• Exercise prompt: Give back exactly the lines of the data below, starting with the line that has "ชัยชนะ 2-0 ทำให้โครินเธี่ยนส์เข้ารอบรองชนะเลิศด้วยผลรวม" and going on through the line that has "在用车成本方面,根据懂车帝对".

• Records to use:

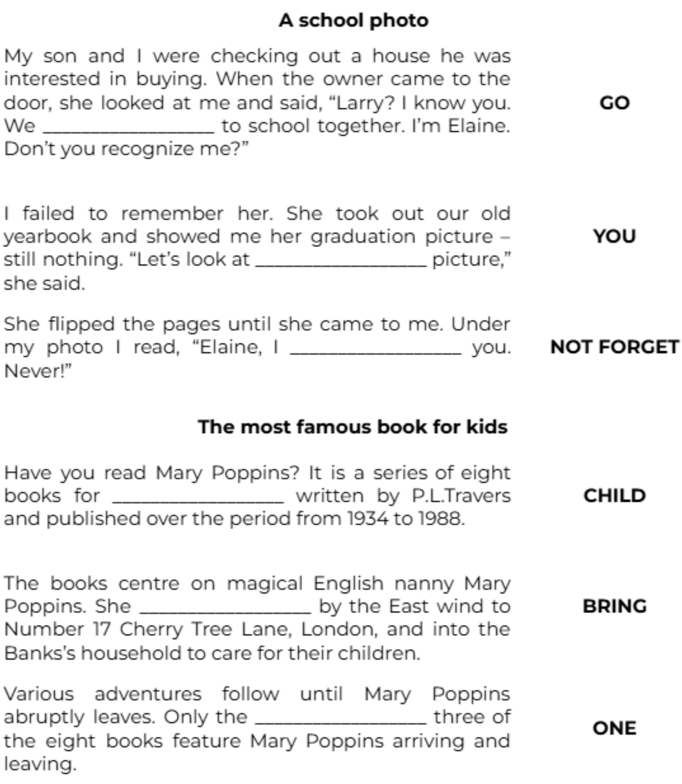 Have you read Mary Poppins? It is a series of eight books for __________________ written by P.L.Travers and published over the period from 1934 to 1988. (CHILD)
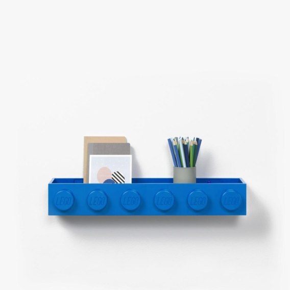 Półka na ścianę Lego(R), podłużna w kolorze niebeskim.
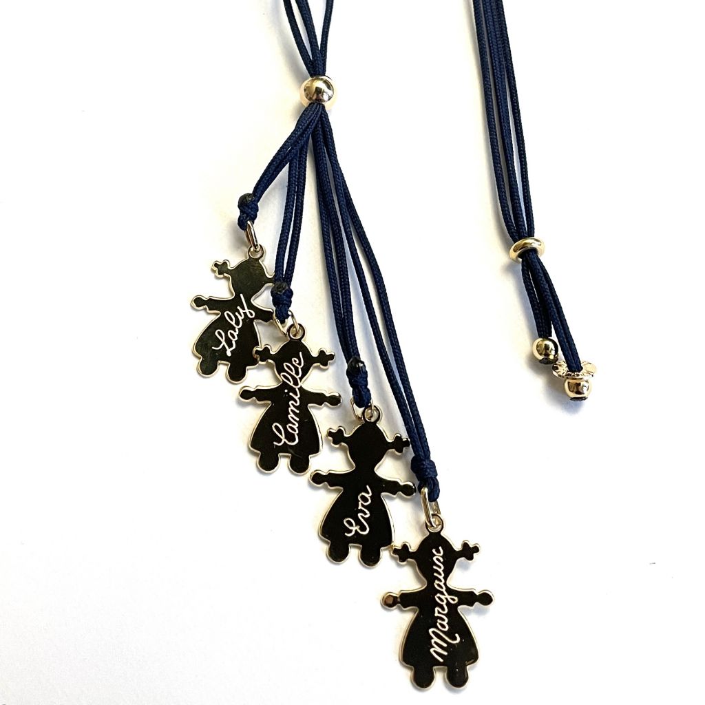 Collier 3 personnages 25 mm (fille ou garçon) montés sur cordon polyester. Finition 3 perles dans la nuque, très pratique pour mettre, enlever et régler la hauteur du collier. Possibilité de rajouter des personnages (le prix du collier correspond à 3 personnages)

==

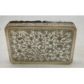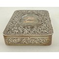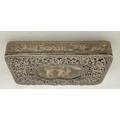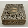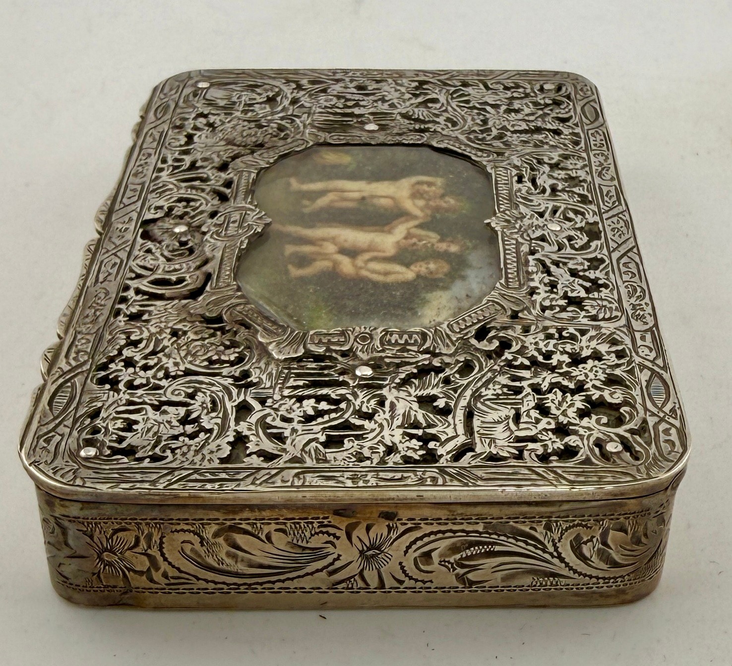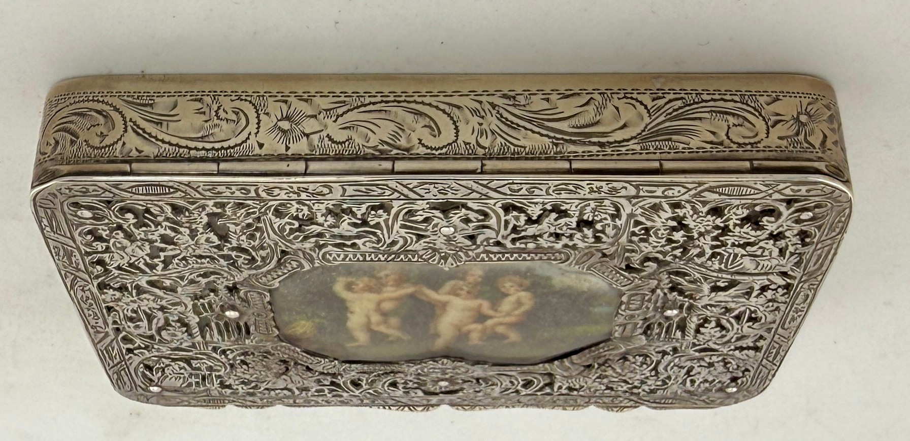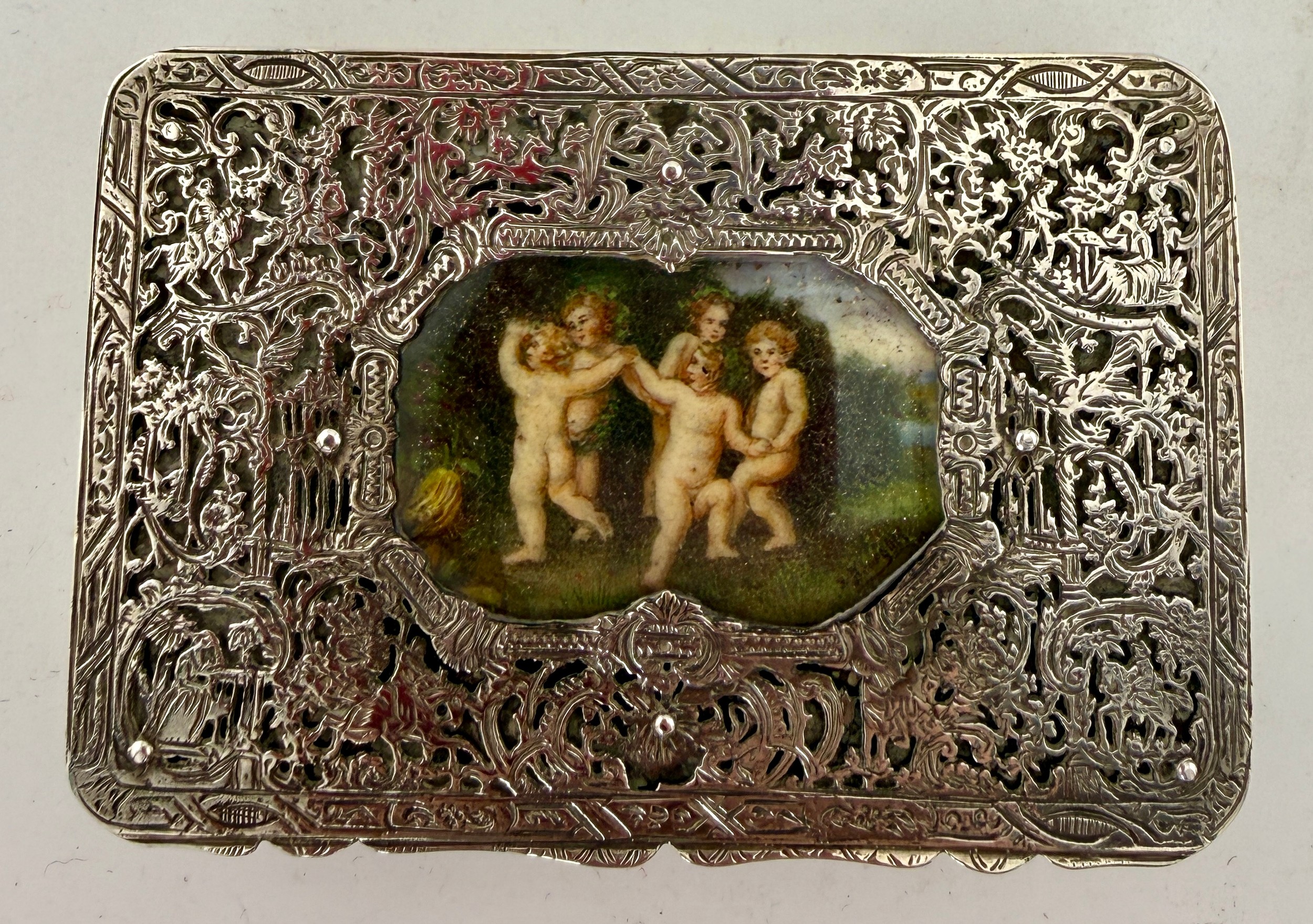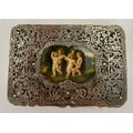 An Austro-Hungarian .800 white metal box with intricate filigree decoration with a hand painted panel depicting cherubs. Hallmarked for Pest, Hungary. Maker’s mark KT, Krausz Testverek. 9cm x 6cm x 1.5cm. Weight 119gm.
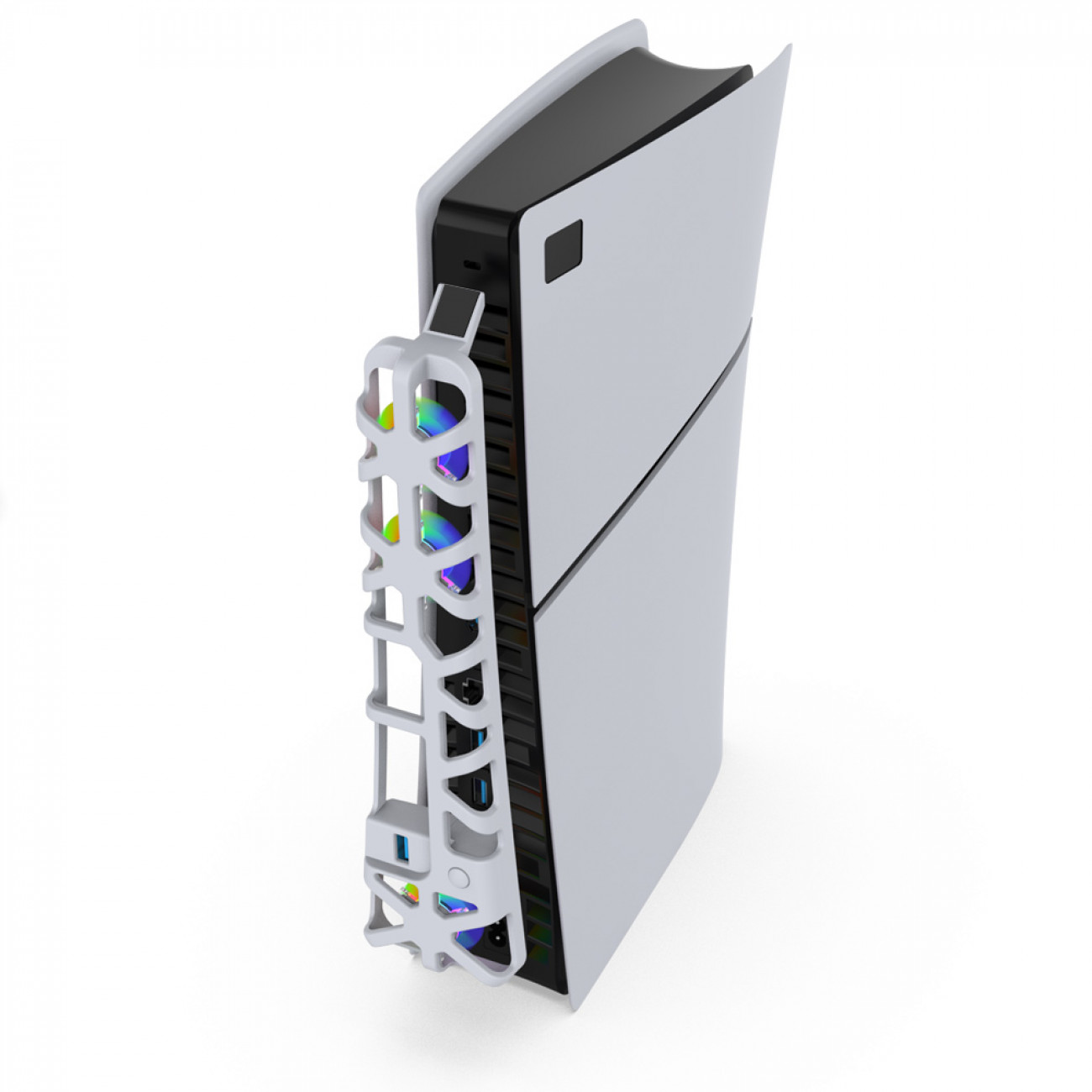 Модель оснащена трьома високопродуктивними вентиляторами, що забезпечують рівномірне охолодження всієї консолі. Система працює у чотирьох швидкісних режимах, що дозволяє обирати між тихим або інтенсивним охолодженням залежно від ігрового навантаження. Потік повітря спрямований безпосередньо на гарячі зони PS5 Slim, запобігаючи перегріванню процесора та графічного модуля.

* * *

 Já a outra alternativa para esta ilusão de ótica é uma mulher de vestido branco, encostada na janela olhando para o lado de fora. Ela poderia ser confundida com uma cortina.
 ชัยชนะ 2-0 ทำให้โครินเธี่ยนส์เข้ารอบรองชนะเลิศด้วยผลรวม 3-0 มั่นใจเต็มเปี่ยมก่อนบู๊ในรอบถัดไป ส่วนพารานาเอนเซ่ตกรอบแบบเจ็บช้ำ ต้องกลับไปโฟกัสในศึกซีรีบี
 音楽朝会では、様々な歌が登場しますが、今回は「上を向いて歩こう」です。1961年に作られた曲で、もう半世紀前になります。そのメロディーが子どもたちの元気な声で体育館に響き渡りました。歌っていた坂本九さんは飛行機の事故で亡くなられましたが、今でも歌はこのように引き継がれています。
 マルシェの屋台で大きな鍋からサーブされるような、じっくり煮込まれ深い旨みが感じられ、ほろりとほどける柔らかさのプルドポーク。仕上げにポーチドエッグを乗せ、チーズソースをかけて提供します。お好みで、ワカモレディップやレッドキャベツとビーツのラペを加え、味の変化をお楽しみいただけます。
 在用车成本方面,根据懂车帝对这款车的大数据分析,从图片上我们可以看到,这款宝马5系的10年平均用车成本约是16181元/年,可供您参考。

• Response to this task:
 ชัยชนะ 2-0 ทำให้โครินเธี่ยนส์เข้ารอบรองชนะเลิศด้วยผลรวม 3-0 มั่นใจเต็มเปี่ยมก่อนบู๊ในรอบถัดไป ส่วนพารานาเอนเซ่ตกรอบแบบเจ็บช้ำ ต้องกลับไปโฟกัสในศึกซีรีบี
 音楽朝会では、様々な歌が登場しますが、今回は「上を向いて歩こう」です。1961年に作られた曲で、もう半世紀前になります。そのメロディーが子どもたちの元気な声で体育館に響き渡りました。歌っていた坂本九さんは飛行機の事故で亡くなられましたが、今でも歌はこのように引き継がれています。
 マルシェの屋台で大きな鍋からサーブされるような、じっくり煮込まれ深い旨みが感じられ、ほろりとほどける柔らかさのプルドポーク。仕上げにポーチドエッグを乗せ、チーズソースをかけて提供します。お好みで、ワカモレディップやレッドキャベツとビーツのラペを加え、味の変化をお楽しみいただけます。
 在用车成本方面,根据懂车帝对这款车的大数据分析,从图片上我们可以看到,这款宝马5系的10年平均用车成本约是16181元/年,可供您参考。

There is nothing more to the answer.